Both ends included, restate word for word the lines from the first line of the listing through the line containing "小松二葉さんの総運は26画の2点!". Leave the pictures out.

START STUDY MATERIAL

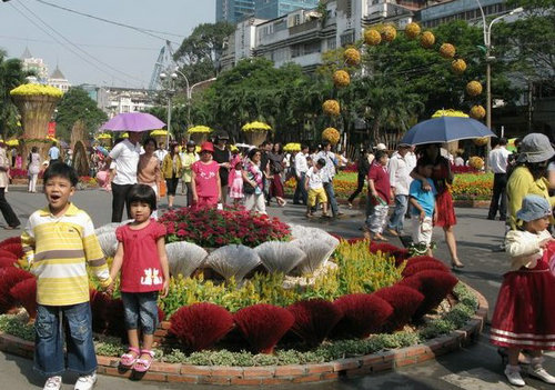 花市是越南春節(jié)重要活動之一。比如河內(nèi),春節(jié)前約10天,花市就開始熱鬧。越南人最愛的年花有劍蘭、大麗菊、金桔和桃花。除了鮮花、盆景,花市還出售各式氣球、彩燈、玩具、年畫、春聯(lián)、年歷等,把相連的幾條街道裝點得五彩繽紛,喜氣洋洋。
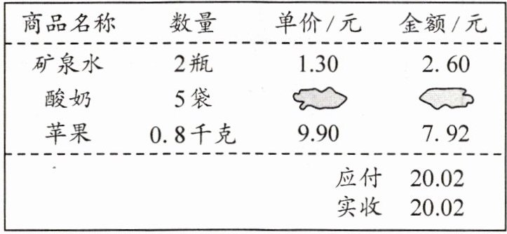 8. 超市促销,酸奶一律打九五折,下面是冬冬去超市购物的小票,你能算出一袋酸奶原来多少钱吗?
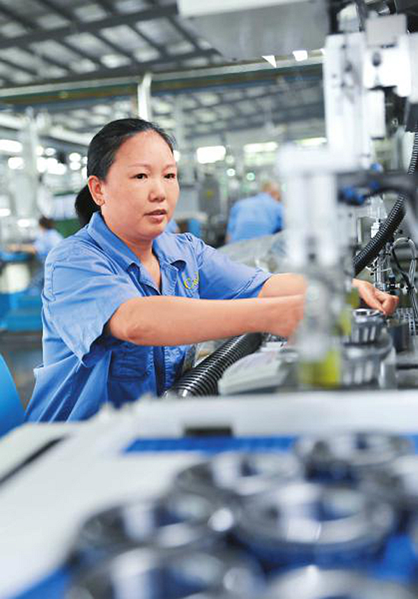 7月12日,位于南充市的四川人本轴承有限公司生产线上,工人忙着加工零件。黎涛 摄(视觉四川)
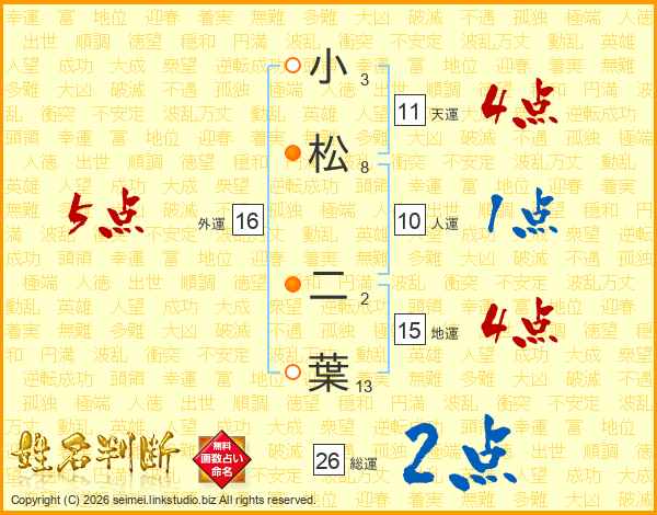 小松二葉さんの総運は26画の2点!
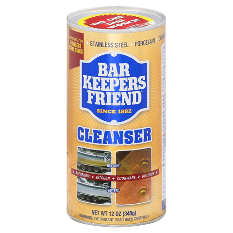 Works great on stainless steel sinks. Stainless steel. Ceramic. Copper. Brass. Fiberglass. Corian. Chrome. Aluminum. Bathroom. Kitchen. Cookware. Outdoor. Since 1882. Once tried, always used. Can opener friendly. Recommended by: All-Clad, Build.com, Calphalon, Cutco, Dacor, Electrolux, Elkay, Franke, Formica, General electric, Kohler. Tramontina, Viking, Volrath and many others. The one that works! www.barkeepersfriend.com. Follow us: Facebook; Twitter; Instagram; Pinterest; YouTube. To read BKF user reviews - Google us. Questions or comments? 1-800-433-5818. NSF: Nonfood compounds program listed (A1, A3 and A6). NSF Registration No. 145349.

END STUDY MATERIAL

OUTPUT BELOW:
 花市是越南春節(jié)重要活動之一。比如河內(nèi),春節(jié)前約10天,花市就開始熱鬧。越南人最愛的年花有劍蘭、大麗菊、金桔和桃花。除了鮮花、盆景,花市還出售各式氣球、彩燈、玩具、年畫、春聯(lián)、年歷等,把相連的幾條街道裝點得五彩繽紛,喜氣洋洋。
 8. 超市促销,酸奶一律打九五折,下面是冬冬去超市购物的小票,你能算出一袋酸奶原来多少钱吗?
 7月12日,位于南充市的四川人本轴承有限公司生产线上,工人忙着加工零件。黎涛 摄(视觉四川)
 小松二葉さんの総運は26画の2点!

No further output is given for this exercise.